Blocking entry: Browsers offer prime attack vector
Blocking entry: Browsers offer prime attack vector

Loaded on nearly every desktop in the enterprise, browsers are a prime vector for attack, but remedies are on hand, reports Alan Earls.

Lee Urbina, chief financial officer for US Infrastructure Holdings, a Texas-based energy company, had a problem. The core of the company's business is finding and locking in key assets at a favorable price. How that is done and at what cost is of great interest to competitors. So, among other concerns, Urbina began to think of the browser software deployed across the company as yet another inviting window through which unauthorized people could gain access to key data.

“The information our company handles is very confidential, and we know people are always trying to get into our servers,” he says. Because of his concerns, Urbina recently deployed Protect On Q (POQ), a web-based product from Austin, Texas-based Quarri, that “locks down browsers” to not only ward off malware, but to prevent unauthorized use and replication of sensitive data. Urbina says POQ has not solved all his organization's security issues, but has clearly helped. “Our IT department was spending all its time dealing with these things before, but now that POQ is in place, the workload is much lower,” he says.

Although browsers are but one element in maintaining IT security, their ubiquity makes them important, both as possible unwitting accomplices in a cyber attack and, conversely, as potential allies in efforts to boost security.

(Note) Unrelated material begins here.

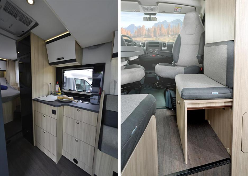 Nytt for 2023 er en kort (5,99 m) modell kalt C60 SP. En av modellens finesser vi likte godt var den uttrekkbare sidesitteren rett innenfor bodelsdøra. Dette blir nok en høyt verdsatt fotskammel for den som sitter i det bakovervendte førersetet.

Browser security is, in fact, an important element in keeping malware attacks at bay, says Ryan Naraine, security evangelist at Kaspersky Lab. “Most modern browsers include features to block or limit phishing and other web-based attacks, but security vulnerabilities in browsers and other desktop applications also can be exploited to infect computers with malware,” he says. Fortunately, browser makers are constantly adding new security features to keep hackers at bay, he says. For instance, Google Chrome contains a “sandbox” to limit the damage from successful hacker attacks, while Microsoft Internet Explorer and Mozilla Firefox contain many new anti-exploit mechanisms. But, as with all aspects of the fight against cyber crime, it continues to be a cat-and-mouse game.